Nearly an hour later we were on our way to the city of Elilat, where we then caught a bus to Tel Aviv, which is among my new favorite places to go. Situated along the Mediterranean Sea about half-way up the coast of Israel, Tel Aviv is the recognized capital of the country and its cultural headquarters. It reminded me very much of a mixture of the Jersey Shore and Philadelphia, in that there was burgeoning nightlife scene and beautiful beaches. My group was fortunate to have had a day at the beach and enjoying the 75 degree weather, then going out at night to a cool litte place called the British Pub. Located right in the middle of the nightlife scene in the city, our group got to meet a number of locals. During the course of the night I met 3 Israeli girls, all in their early twenties and living in neighboring communities. All had served in the military and had recently been discharged after 2 years of mandatory service. One girl, named Shira, now works on a kibuttz right outside of the city teaching English and French pre-teens. It was interesting to hear an Israeli perspective on the conflict in the country and gain knowledge about growing up in Israel. During the upcoming semester I may interview her formally as a source for my senior thesis concerning the Arab-Israeli conflict - something that will surely set my work apart from others.

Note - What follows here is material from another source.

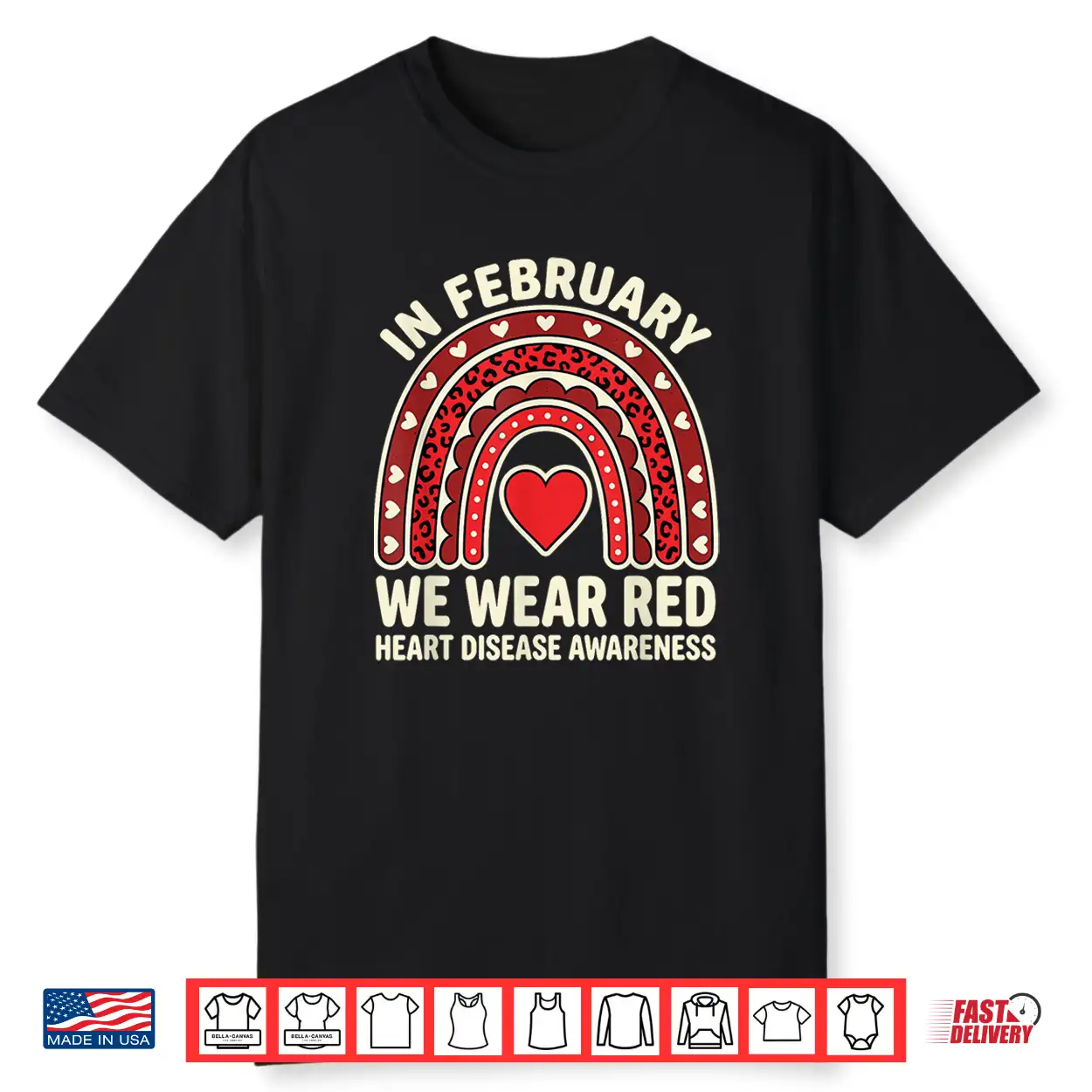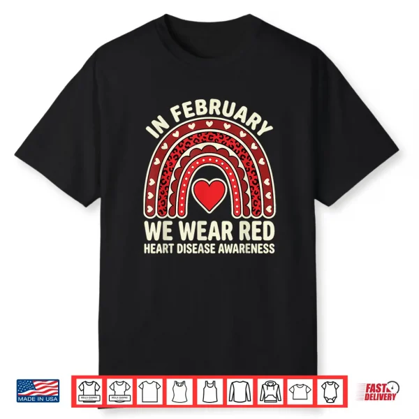 In February We Wear Red Heart Disease Month Awareness Quote Shirt

After having spent 3 days in Tel Aviv, my group headed to Jerusalem and the West Bank. As soon as we arrived early Sunday evening we dropped our backpacks and scrambled across the Old City to get to the Mountain of Olives for sunset. According to the Bible, the Mountain of Olives is where Jesus frequently met with his Apostles and would eventually share his last days with them leading up to the crucifixion. From the top of this steep hill you are provided with one of the most amazing sights: a total view of the Old City. On the way back down we visited the garden where Jesus and his Apostles met the night before his death and he prayed to God, asking why he was to be killed. Upon entering the Old City again we toured the Arab and Christian quarters, which consist of narrow cobblestone streets lined by stalls selling everything imaginable, from shoes to pastries. My favorite place was a pastry shop called Jafar's Sweets, which sells the best kenafeh (traditional Palestinian pastry - akin to baklava) in the city. During the following days we visited the various holy sites in the city: the Wailing Wall, al-Aqsa mosque/Dome of the Rock, and the Church of the Holy Sepulchre. Each one was breathtaking and caused me to well up because of the strong spiritual presence found within them. At each site I prayed for friends and loved ones of all the faiths, making sure not to exclude anyone.

As for my adventures in the West Bank, I need some time to reflect more on them before putting anything in my blog. Also, I am extremely tired from my 12 hours of traveling back to Cairo, which begun at 10 PM last night.